◆ WHAT IS EXPECTED ◆
Pictures in the records are to be excluded from an otherwise exact copy.

● ● ● ●

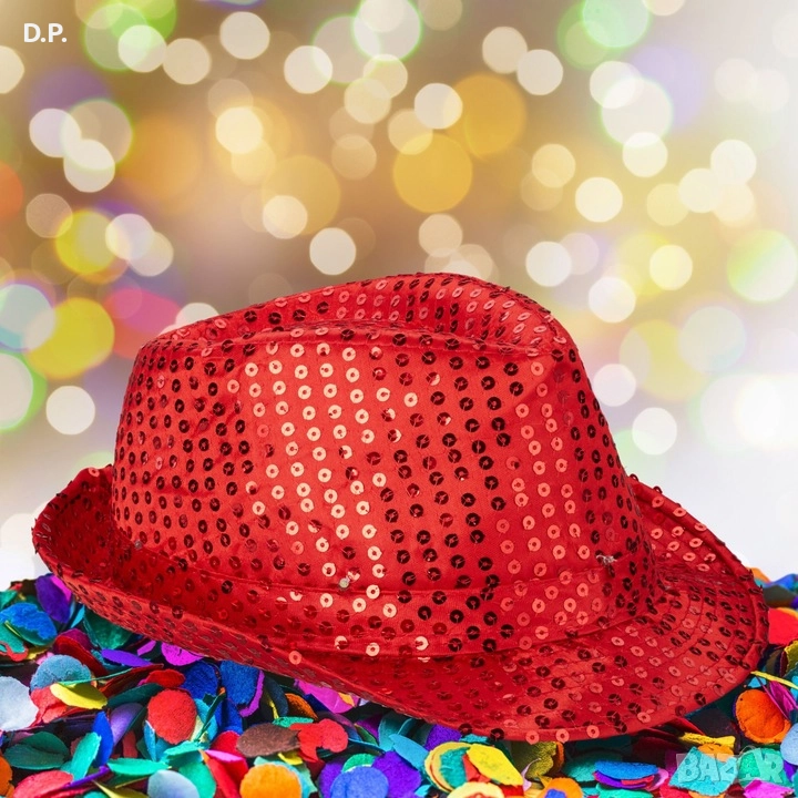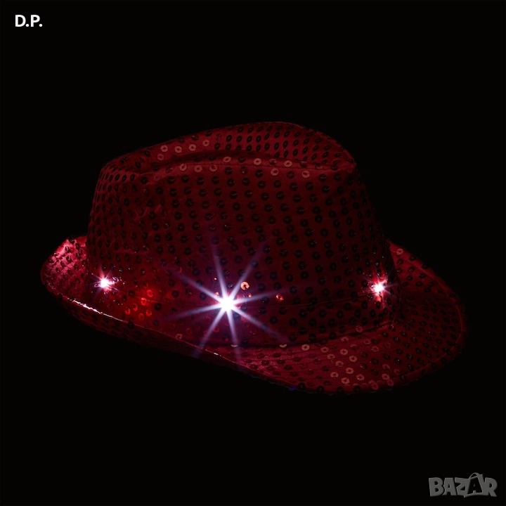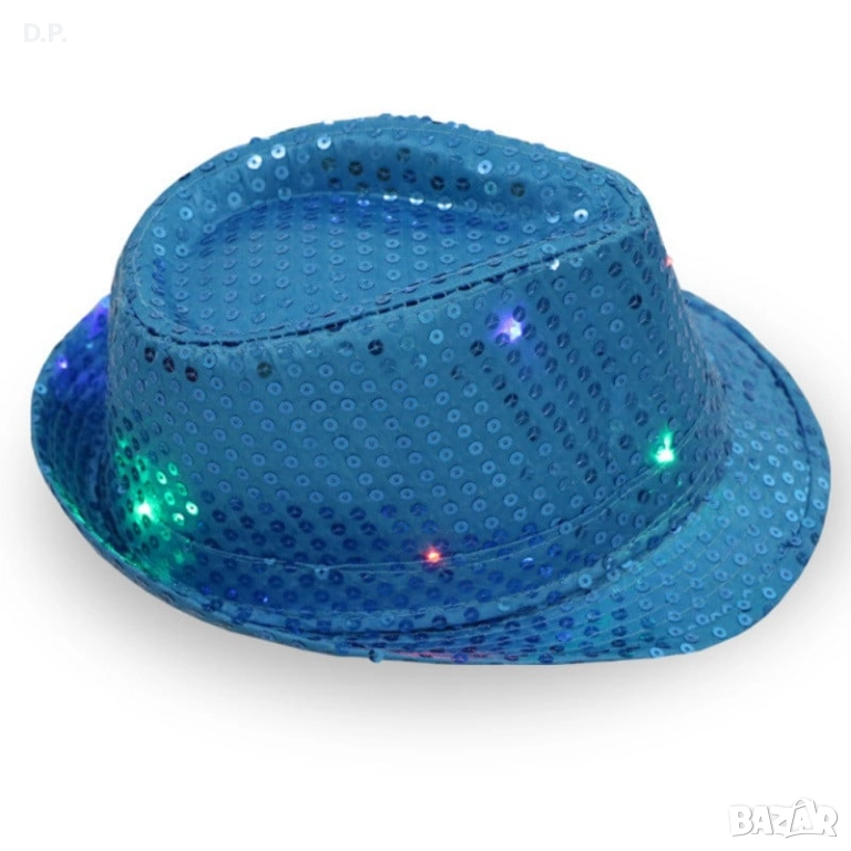 LED светеща парти шапка с пайети,изцяло покрита с пайети.
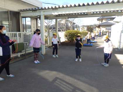 せんだんタイムには、なわとびをする子でいっぱいです。
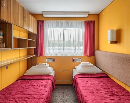 В каюте: два спальных места, шкаф для одежды, радио, душ, санузел, кондиционер, обзорное окно, электророзетка на 220V.
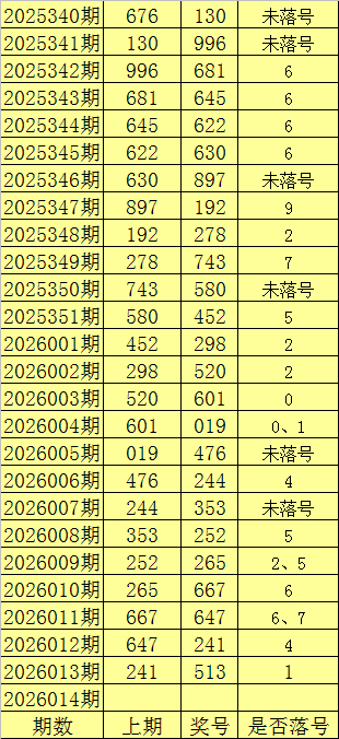发布日期:2026-01-15 07:11 点击次数:121一、上期回顾:福彩3D第2026013期开出奖号513。
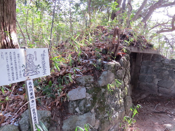 「東山59-3」木樁,旁邊小廟供奉祈求戰勝的「勝軍地藏」,是當時「平安京」東邊的守護神,現在改為「狸谷不動寺」的「奧院」,祭拜「幸龍大權現」。
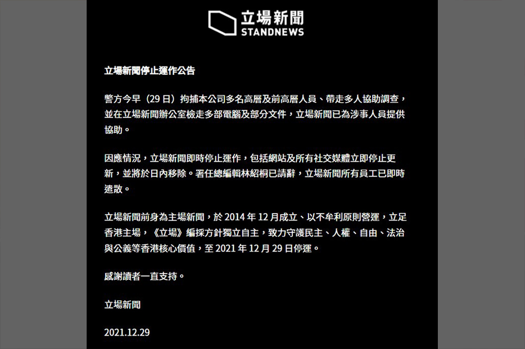 公告聲明,《立場新聞》前身為《主場新聞》於2014年12月成立、以不牟利原則營建,立足香港主場, 立場編採方針獨立自主,致力守護民主、人權、自由、法治與公義等香港核心值,至2021年12月29日停運,感謝讀者一直支持。
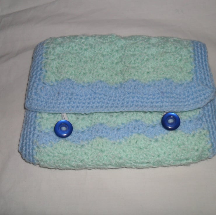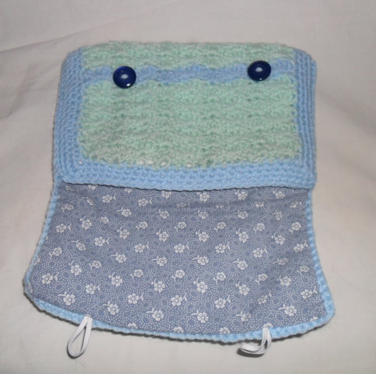 I have crocheted this case in a pretty shell pattern. It is also lightly padded and is lined in a pretty blue and white floral cotton pint material.
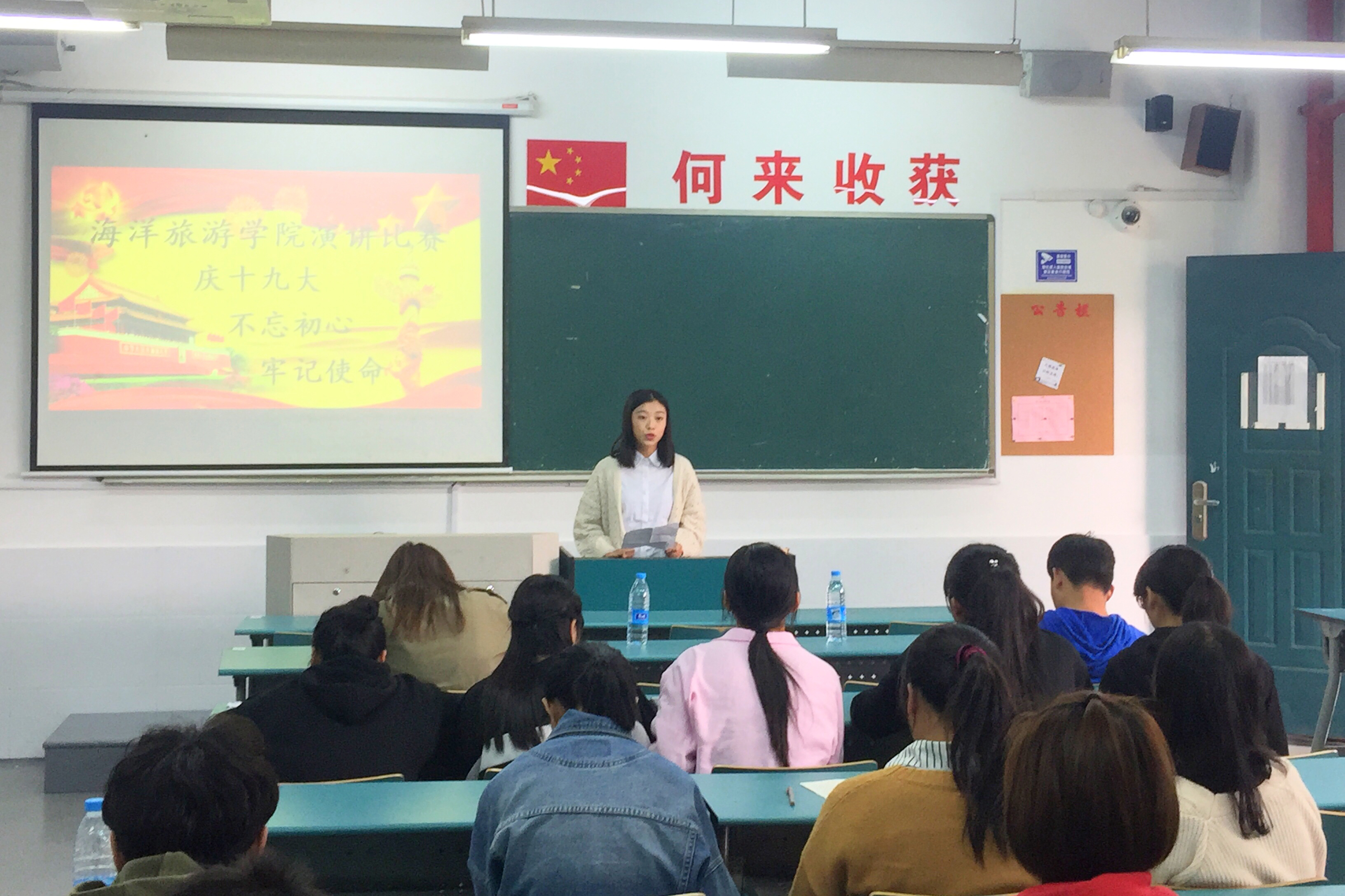 11月10日下午,海洋旅游学院举办“庆十九大,不忘初心、牢记使命”主题演讲比赛。32名同学参加比赛。

● ● ● ●

◆ EXERCISE RESPONSE ◆
 LED светеща парти шапка с пайети,изцяло покрита с пайети.
 せんだんタイムには、なわとびをする子でいっぱいです。
 В каюте: два спальных места, шкаф для одежды, радио, душ, санузел, кондиционер, обзорное окно, электророзетка на 220V.
发布日期:2026-01-15 07:11 点击次数:121一、上期回顾:福彩3D第2026013期开出奖号513。
 「東山59-3」木樁,旁邊小廟供奉祈求戰勝的「勝軍地藏」,是當時「平安京」東邊的守護神,現在改為「狸谷不動寺」的「奧院」,祭拜「幸龍大權現」。
 公告聲明,《立場新聞》前身為《主場新聞》於2014年12月成立、以不牟利原則營建,立足香港主場, 立場編採方針獨立自主,致力守護民主、人權、自由、法治與公義等香港核心值,至2021年12月29日停運,感謝讀者一直支持。
 I have crocheted this case in a pretty shell pattern. It is also lightly padded and is lined in a pretty blue and white floral cotton pint material.
 11月10日下午,海洋旅游学院举办“庆十九大,不忘初心、牢记使命”主题演讲比赛。32名同学参加比赛。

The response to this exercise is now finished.